Shared access to Mac OS X: how to manage wakeonlan and sleep

Ryan Schmidt ryandesign at macports.org
Mon Jul 6 18:22:05 PDT 2009


On Jul 6, 2009, at 17:47, Jean-Michel Pouré wrote:

> The Mac goes to sleep automatically after 3 hours of inactivity.

Then I assume you are either all on the same subnet as this Power Mac  
and can therefore send it a wakeonlan signal yourself, or else you  
have a device on the local subnet (perhaps a router running DD-WRT or  
another machine that's always on) to which you first connect and tell  
it to wake the Power Mac.


> My questions :
>
> * How can I manage sleep so that it is triggered after an SSH
> disconnection and let's say 30 minutes of inactivity.
>
> * When using screen, I would like to be sure that the Mac does not  
> go to
> sleep.

I don't know a built-in way to accomplish either of those, but I'm  
not familiar with what hooks might be available in the ssh or screen  
programs to let you do this.

Personally whenever I want to sleep my machines I use small script  
"sleepmac" I wrote which looks like this:


#!/bin/sh

if [ ! -z "$1" ]; then
         sleep $1
fi

SLEEPWATCHER=/opt/local/sbin/sleepwatcher

if [ -x $SLEEPWATCHER ]; then
         $SLEEPWATCHER --now
else
         osascript -e 'tell app "System Events" to sleep' &
fi


You can specify a delay before sleeping, e.g. to sleep in one minute:

sleepmac 60

It uses the sleepwatcher port if installed, or AppleScript if not.  
There was some set of circumstances that I cannot recall or test for  
at the moment whereby sleep wouldn't work, complaining instead of an  
inability to connect to the windowserver, and I believe it involved  
being logged in via ssh and/or using screen. I think using  
sleepwatcher instead of AppleScript may have helped with this, or at  
least I was testing whether this helped. I have primarily been using  
Tiger so I don't know if any of this has changed on Leopard.

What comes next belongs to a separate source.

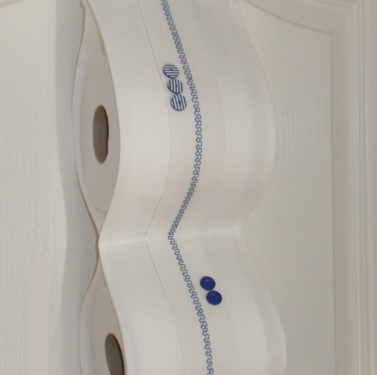 This item was neatly sewn with a blue top stitch thread in the middle of a pleated centre, with stripey and plain blue buttons carefully arranged at intervals. It brings a modern and fresh feel to your bathroom, toilet or kitchen.

sleepwatcher has many more capabilities that might be useful to you  
if you wanted to write a script or scripts to help you manage the  
requirements you mentioned.


> * Is sleep state safe?

It should be safe to put a machine to sleep in the middle of a  
compile, and it should resume where it left off when you wake up. If  
that's what you mean.


> I would like to know if some of you have innovating solutions. This is
> only a compilation platform. We also have VNC access to view the  
> result
> and verify that Kdenlive runs smoothly.